Let me start where I always start, because the frame matters more than the answer. This is the same challenge we face with education as a whole. You already know you have to change it. Everyone knows. The difficulty was never whether to change it — it is changing it well. Reforms fail not because people resist change but because they change the wrong thing, drop what was load-bearing, and keep what was decorative. So before we decide whether to cut coding from the curriculum, we should be very clear about what coding was actually teaching. Because it was never really teaching “coding.”
Coding is the new mathematics
The relevance of coding today is like the relevance of mathematics. And I say mathematics deliberately — to sidestep the harder, noisier argument about the relevance of chemistry, or of the other sciences — because with math almost everyone already accepts the point. We do not teach children arithmetic because we expect them to spend their adult lives doing long division by hand.
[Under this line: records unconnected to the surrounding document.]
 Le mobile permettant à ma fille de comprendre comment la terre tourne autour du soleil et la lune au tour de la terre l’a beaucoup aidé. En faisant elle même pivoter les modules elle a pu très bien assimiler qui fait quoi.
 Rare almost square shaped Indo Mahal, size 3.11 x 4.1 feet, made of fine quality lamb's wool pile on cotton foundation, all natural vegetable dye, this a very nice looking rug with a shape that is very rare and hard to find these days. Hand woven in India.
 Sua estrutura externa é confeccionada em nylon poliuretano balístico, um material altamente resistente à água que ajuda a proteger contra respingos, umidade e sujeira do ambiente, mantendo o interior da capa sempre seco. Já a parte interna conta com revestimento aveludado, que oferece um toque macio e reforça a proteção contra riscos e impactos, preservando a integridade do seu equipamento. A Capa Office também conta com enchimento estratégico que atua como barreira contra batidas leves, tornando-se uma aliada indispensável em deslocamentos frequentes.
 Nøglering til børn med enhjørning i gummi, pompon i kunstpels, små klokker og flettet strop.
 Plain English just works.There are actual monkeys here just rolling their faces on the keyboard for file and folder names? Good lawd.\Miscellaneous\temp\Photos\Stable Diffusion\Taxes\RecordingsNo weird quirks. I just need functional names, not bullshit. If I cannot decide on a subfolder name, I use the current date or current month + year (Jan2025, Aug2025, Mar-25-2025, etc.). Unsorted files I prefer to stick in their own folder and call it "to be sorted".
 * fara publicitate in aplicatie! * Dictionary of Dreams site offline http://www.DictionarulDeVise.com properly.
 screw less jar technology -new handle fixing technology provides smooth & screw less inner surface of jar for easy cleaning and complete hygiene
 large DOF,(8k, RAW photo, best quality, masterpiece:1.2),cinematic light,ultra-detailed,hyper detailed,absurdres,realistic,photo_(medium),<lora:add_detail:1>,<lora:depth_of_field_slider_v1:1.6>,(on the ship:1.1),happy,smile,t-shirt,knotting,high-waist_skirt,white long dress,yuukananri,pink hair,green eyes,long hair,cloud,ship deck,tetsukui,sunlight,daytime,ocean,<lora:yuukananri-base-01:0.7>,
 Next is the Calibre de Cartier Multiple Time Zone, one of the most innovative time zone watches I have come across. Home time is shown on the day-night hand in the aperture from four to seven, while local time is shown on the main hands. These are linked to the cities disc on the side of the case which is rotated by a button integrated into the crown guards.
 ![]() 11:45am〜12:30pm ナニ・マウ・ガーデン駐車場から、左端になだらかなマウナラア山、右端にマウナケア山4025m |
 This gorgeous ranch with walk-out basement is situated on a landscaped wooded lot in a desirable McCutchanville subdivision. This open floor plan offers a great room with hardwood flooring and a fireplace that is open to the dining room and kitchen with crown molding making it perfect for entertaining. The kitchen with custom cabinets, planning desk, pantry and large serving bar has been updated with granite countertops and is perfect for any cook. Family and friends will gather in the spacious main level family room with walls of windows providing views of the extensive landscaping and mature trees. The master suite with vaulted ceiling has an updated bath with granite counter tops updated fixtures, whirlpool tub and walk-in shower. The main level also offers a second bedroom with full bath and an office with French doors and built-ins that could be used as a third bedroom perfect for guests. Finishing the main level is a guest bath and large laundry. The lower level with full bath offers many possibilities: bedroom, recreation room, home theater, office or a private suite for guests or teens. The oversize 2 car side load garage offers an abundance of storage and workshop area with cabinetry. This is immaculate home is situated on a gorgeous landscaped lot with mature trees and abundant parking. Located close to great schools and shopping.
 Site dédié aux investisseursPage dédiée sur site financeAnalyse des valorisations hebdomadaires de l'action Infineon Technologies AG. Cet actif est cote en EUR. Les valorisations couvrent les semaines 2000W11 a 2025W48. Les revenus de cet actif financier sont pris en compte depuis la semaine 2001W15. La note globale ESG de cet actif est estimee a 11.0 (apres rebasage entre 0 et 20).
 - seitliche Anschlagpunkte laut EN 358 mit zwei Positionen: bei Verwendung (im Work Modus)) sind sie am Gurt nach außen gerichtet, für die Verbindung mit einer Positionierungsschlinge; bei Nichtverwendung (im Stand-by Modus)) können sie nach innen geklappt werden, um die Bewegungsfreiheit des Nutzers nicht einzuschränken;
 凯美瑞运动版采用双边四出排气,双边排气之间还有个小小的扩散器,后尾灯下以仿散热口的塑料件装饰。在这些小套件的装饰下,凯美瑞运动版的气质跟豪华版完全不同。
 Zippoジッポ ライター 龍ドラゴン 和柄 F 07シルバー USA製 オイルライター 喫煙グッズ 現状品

We have had calculators for fifty years. We teach it because it builds something underneath: number sense, structured reasoning, the ability to move from a messy real situation to an abstract model and back again.
Coding is the same. The value was never the syntax. It was the foundation — the structured thinking and the process thinking. It is learning to decompose a problem into steps, to name and track state, to reason about what happens under which condition, to build something that behaves predictably out of parts that individually do very little. That is not a programming skill. That is a thinking skill that programming happens to teach unusually well.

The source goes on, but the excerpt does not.